Acting tough on India's demands, the United Nations Security Council on Thursday imposed sanctions on Pakistan-based terror outfit Jamaat-ud-Dawah, the front organisation of banned Lashkar-e-Tayiba and also declared as terrorists its four top leaders, including JuD chief Hafiz Muhammad Saeed and suspected Mumbai attack mastermind Zaki-ur-Rehman Lakhvi.
Besides Sayeed and Lakhvi, two other top leaders of the LeT, Haji Muhammad Ashraf and Zaki-ur-Bahaziq, both financiers of the JuD, have also been declared as terrorists by the UNSC.
India had made a strong plea in the Council for sanctions against the organisation, contending along with the United States, that JuD is a front for the LeT.
The Council also asked all member states to freeze their assets and imposed travel ban and arms embargo against the JuD members.
Since 2005, the UN Sanctions Committee has considered LeT to be a terrorist organisation affiliated with the Al Qaeda. The US and the European Union have already banned the LeT.
The decision was taken by the Council's committee on Al Qaeda and Taliban, which put JuD and the four individuals on the Consolidated List of persons and entities connected with Al Qaeda and Taliban.
The United States had sought a ban on Lakhvi, operations leader of the LeT, who is suspected to be the mastermind behind the Mumbai attacks, Ashraf, a JuD financier, and Bahaziq, an Indian-born Saudi who was allegedly collecting funds for the banned organisations in Saudi Arabia.

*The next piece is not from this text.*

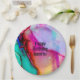 Personalised birthday (or other event) paper plates with a fancy artistic abstract design. Watercolor painting with the colours mixing and mingling creating a nice flowing marbled  pattern.

Pakistan had given a pledge to the Security Council that it would proscribe JuD should the Council decide to ban it.
The Committee had imposed sanctions on LeT in 2005, citing its affiliation with Al Qaeda. Pakistan had banned LeT in 2002 but it continues to operate under different names.
Reacting to the decision, the United States said it is pleased that the Committee has decided to move forward on these high-priority designations.
"These actions will limit the ability of known terrorists to travel, acquire weapons, plan, carry out, or raise funds for new terrorist attacks," said a statement by the US government.
The actions, it said, reaffirm the Council's commitment to updating the Consolidated List to ensure it continues to serve as a tool to help member states deter terrorist activities of Al Qaeda and affiliated groups.
During the debate in the Security Council on Tuesday, Minister of State for External Affairs E Ahamed had said the Jamaat-ud-Dawa and other such organisations need to
be proscribed internationally and effective sanctions imposed against them.
"Their country of origin needs to take urgent steps to stop their functioning," he had said while intervening in a debate on terrorism in UN Security Council.
"A message must also go out that perpetrators of terrorist acts must be brought to book and not given sanctuaries in some states," Ahamed had said.
The minister had asked Pakistan to act against terrorism emanating from its soil, failing which India will "do everything to protect its citizens'.
Close on the heels of Ahamed's hard-hitting remarks, Pakistan's Ambassador to UN, Abdullah Hussain Haroon, had promised that Islamabad would proscribe JuD should the Council decide to put sanctions on it after declaring it a terrorist group.
Besides this, no training camps for Lashkar-e-Tayiba or any entity of this nature would be allowed on its territory, he had said.
Significantly, China, a close ally of Pakistan, had in the past blocked three attempts in the Council to proscribe JuD.
The US, backed by United Kingdom and France, had twice tried to add JuD chief Hafiz Mohammed Saeed to the list of individuals and organisations connected to terrorism last May, but the moves were blocked by China. A similar attempt in April 2006 was also blocked by Beijing.